House debates
Thursday, 28 August 2025
Matters of Public Importance
Fiscal Policy
4:01 pm
Michael McCormack (Riverina, National Party) Share this | Hansard source
We have heard a fair bit of drivel in this discussion of matter of public importance. It's no wonder as we’ve got the member for Leichhardt and the member for Bass. I appreciate that they are new members, but they've got basketball backgrounds. The member for Leichhardt played the game at the highest level in Australia, and the member for Bass was a basketball coach. Well done to them both for that. Sport is healthy, and basketball is a fantastic sport. But when you come into the chamber on an MPI, don't always take the talking points that you're given by the dirt unit of the Labor Party and just spout them in the chamber, because sometimes you might get led astray. Sometimes your pass might be misplaced.
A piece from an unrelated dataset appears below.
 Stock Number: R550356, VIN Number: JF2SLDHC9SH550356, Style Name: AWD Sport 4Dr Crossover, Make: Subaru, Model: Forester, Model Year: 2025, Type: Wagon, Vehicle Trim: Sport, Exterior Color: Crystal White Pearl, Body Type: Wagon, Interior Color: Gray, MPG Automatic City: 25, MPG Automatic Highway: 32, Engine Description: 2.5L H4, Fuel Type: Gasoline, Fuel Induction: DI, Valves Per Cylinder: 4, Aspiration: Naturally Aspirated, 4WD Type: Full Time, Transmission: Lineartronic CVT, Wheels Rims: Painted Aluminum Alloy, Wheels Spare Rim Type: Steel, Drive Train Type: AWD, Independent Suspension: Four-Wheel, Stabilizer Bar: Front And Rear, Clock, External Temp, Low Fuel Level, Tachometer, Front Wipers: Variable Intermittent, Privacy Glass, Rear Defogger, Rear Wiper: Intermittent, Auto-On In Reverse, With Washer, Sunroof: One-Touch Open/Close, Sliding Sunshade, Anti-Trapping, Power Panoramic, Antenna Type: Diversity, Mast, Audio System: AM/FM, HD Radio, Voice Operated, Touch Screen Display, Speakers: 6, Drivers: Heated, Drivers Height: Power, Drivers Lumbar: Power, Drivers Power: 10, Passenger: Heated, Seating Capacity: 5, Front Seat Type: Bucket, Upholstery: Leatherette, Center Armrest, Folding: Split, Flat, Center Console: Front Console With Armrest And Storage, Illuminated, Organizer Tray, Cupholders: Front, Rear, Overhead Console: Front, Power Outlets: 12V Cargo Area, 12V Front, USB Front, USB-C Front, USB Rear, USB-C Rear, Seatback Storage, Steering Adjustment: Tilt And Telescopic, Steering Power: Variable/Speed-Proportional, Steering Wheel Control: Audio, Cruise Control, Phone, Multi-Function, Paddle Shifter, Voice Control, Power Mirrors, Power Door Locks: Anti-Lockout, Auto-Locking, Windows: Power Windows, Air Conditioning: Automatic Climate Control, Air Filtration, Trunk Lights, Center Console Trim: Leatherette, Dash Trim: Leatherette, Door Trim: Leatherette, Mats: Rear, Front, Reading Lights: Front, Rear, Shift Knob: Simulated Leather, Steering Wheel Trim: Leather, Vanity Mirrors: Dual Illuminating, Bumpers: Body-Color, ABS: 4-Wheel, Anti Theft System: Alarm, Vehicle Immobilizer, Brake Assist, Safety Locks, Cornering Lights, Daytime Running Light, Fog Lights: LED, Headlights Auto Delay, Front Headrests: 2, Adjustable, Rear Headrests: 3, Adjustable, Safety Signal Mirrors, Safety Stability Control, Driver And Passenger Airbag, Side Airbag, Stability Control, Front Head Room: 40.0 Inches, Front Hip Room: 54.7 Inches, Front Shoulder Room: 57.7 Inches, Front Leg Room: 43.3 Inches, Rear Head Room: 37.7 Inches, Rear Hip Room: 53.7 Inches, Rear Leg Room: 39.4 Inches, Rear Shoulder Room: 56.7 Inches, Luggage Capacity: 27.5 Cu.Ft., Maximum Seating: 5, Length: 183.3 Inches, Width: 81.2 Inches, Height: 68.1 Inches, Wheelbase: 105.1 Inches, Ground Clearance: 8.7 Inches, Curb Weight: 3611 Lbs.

We heard the member for Leichhardt talking about the tidal wave of green energy projects in regional Australia and suggesting that this was a good thing. Let me tell you that, if he visits the Riverina, he will hear completely the opposite, because those green energy projects are going to hurt, and they are already hurting the lives and livelihoods of my constituents. The member for Bass talked about the trillion dollars worth of Liberal Party debt. I might remind the member for Bass that it was the Liberal-National government. We are in a coalition. I appreciate she acknowledges that. When there's talk about the trillion dollars—
Member for Fenner, just be quiet for a moment. You might learn something too. When Labor members talk about the 'trillion dollars of Liberal Party debt', to quote them, I just want to refer them to the RMIT ABC fact check article of Monday 8 May 2023. This is the ABC; this isn't me. This isn't the Liberal or National Party talking points unit. They say this:
During an April 13 interview with Sky News, Treasurer Jim Chalmers—
I'm reading here. I know he's the member for Rankin—
said he was concerned "about the cost of servicing that trillion dollars in Liberal debt that we inherited from out predecessors".
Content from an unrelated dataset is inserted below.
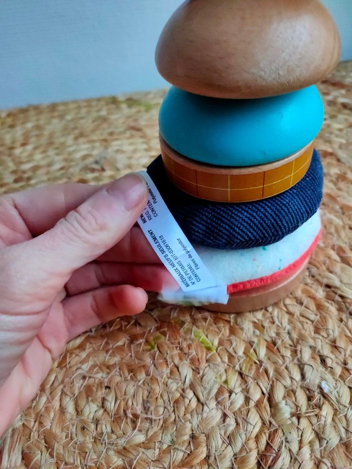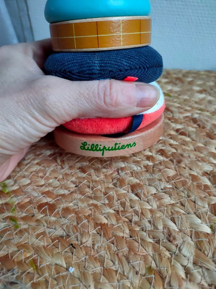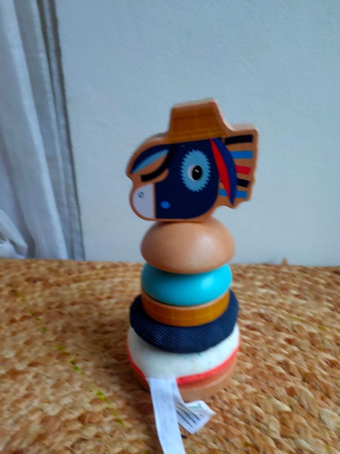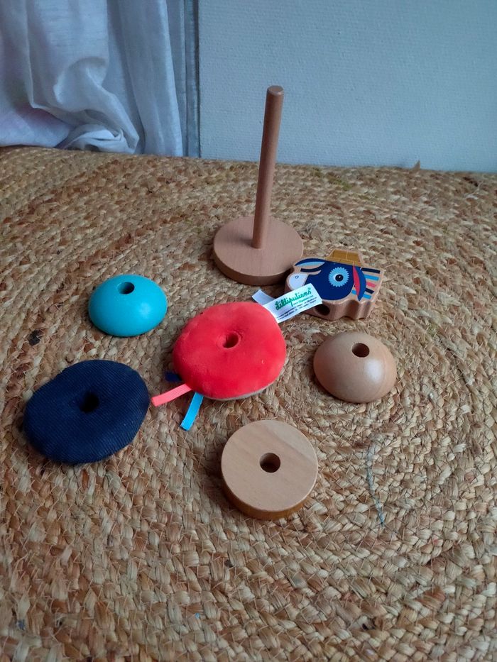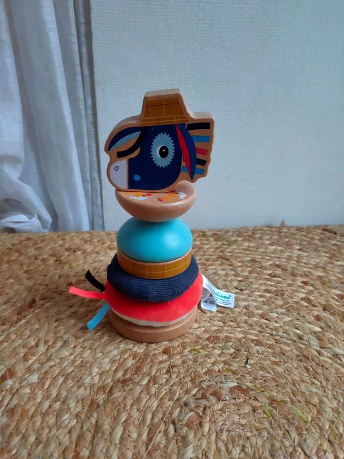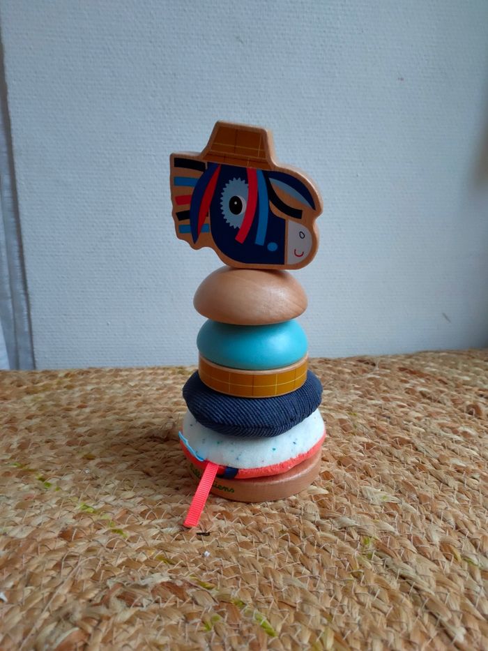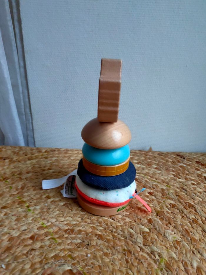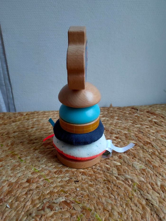 Jolie tour/pyramide à empiler pour développer la motricité fine. Empilez les pièces de différents matériaux et de différentes couleurs de manière créative. La variété de formes, de couleur et de matériel stimulent les sens. (Lavable en machine). Avec des éléments en bois et en tissu de formes et couleurs différentes (bois certifié et peinture à l'eau). Il est en très bon état.
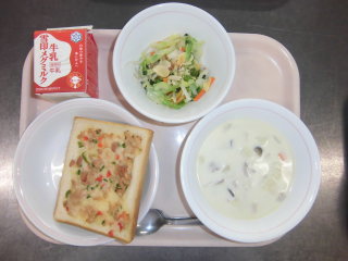 | ツナトースト アーモンドサラダ 豆乳チャウダー 牛乳 |

That's what he said, and the RMIT ABC Fact Check investigated it. It said:
Mr Chalmers's claim is spin.
When the Coalition left office in March 2022, Labor was left with $888 billion of gross debt—
I appreciate it's a big number—
or $517 billion of net debt.
Listen to this one. The article goes on:
But while most of that debt was accrued during the Coalition's term, a sizeable chunk was inherited from the previous Labor government.
Labor's share amounted to either 25 per cent of gross debt ($218 billion), or 31 per cent of net debt ($161 billion).
In neither case did this represent a "tiny fraction" of the total.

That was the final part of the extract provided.